洛長恭打量了半天,最終下出了這麼一個電話。
沒辦法,周若琳可是擁有著號稱江都第一美女之稱。
眼前的女人雖然說也是人間尤物,但比起周若琳還是要略遜上那麼三分。
上了車後,洛長恭就將自己的字畫丟在了一旁。
他沒注意到的是,車的後座上還有另一幅字畫。
“先生,目的地就在前方,一百米的距離。”
“這段路似乎是在舉行什麼活動,有點小堵,我就不過去了。

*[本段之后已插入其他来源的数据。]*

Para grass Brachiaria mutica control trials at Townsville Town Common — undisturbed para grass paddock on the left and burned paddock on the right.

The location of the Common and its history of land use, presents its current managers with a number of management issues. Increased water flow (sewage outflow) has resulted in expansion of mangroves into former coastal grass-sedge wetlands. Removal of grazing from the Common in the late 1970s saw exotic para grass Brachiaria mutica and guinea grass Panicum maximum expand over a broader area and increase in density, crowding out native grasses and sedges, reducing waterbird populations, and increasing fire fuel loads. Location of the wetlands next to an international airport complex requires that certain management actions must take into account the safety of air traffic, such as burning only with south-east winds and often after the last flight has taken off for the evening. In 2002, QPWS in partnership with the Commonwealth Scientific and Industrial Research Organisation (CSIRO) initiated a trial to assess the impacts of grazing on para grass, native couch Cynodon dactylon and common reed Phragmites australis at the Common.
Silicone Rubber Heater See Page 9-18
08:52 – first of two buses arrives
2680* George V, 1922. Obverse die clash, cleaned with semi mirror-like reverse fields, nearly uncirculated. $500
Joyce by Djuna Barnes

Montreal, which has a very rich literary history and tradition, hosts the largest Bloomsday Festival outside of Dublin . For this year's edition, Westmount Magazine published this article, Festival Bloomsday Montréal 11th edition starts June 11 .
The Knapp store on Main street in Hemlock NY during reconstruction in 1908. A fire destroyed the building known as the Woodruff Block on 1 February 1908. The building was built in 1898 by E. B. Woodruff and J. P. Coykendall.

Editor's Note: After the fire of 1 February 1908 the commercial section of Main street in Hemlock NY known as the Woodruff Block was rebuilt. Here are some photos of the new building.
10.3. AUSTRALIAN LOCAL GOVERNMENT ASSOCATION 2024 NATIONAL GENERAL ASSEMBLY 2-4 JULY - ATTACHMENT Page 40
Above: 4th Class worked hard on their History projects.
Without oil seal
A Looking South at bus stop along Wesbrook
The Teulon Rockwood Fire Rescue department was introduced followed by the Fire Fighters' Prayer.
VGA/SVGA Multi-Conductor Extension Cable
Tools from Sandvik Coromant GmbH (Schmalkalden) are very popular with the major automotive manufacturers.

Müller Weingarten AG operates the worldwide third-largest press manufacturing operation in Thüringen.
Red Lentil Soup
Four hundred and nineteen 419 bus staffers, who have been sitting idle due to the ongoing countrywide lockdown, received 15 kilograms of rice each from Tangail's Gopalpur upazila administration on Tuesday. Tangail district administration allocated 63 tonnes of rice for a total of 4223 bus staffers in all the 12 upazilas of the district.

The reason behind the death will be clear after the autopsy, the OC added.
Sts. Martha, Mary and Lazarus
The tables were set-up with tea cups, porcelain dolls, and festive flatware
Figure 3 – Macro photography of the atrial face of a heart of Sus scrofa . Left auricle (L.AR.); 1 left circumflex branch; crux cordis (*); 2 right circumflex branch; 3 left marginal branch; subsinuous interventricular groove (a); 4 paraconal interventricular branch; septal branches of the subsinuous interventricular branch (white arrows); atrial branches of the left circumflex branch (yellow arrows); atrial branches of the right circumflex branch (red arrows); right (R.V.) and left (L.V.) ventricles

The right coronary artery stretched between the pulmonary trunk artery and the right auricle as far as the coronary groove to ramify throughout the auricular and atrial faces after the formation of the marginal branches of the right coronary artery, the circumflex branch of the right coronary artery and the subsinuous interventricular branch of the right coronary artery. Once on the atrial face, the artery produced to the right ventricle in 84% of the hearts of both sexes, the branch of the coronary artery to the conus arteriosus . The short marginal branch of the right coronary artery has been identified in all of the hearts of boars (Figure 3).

”
美女司機輕張玉口,聲音宛轉悠揚,好聽極了。
洛長恭也不想強人所難,隨即起身拿上“自己”的字畫,就下了車。
“轟鳴!”
庫裡南V8的發動機發出一陣怒吼的轟鳴聲,便飛馳而去。
美女司機名叫蘇妤,是江都蘇家大小姐。
她現在著急去看看躺在醫院病床上,馬上就快要不行的爺爺。
爺爺生前不僅十分寵愛她,還特別喜歡字畫。
這次,她一定要把這幅花費千萬尋來的字畫送給爺爺!
等洛長恭急忙跑向宴會時,卻發現周若琳早已經等在了那裡!
“你給奶奶買的什麼禮物啊?”
周若琳看著狼狽而來的洛長恭,眼神中閃過一抹厭惡之色。
“呵呵……”
洛長恭淡淡一笑,將手中的字畫展現在周若琳面前,“放心,這一次絕對不會丟人!”
對於字畫他雖然沒有多少研究,但那老頭渾身上下都透露著一股神秘的氣息。
有點像他曾經一位故友。
這樣的人,又怎麼可能賣給他假貨呢?
最次也得是個某某的真跡吧?
周若琳只是隨意的掃了一眼,臉上逐漸浮現起一抹駭然之色。
這是齊石爺爺曾經畫的那幅蝦嗎?
怎麼可能?
不對不對!絕對是我看錯了,一千塊錢怎麼能買的起齊石爺爺的蝦?
周若琳有些尷尬的摸了摸額頭,心中十分無語:你這,好歹買個玉手鐲什麼的,買一幅假畫,真的是服了你了!
這下丟人了丟大發了!
“你一會找個角落坐下來就行了,今天所有的親戚都會來,無論他們怎麼說你,你都不要說話!”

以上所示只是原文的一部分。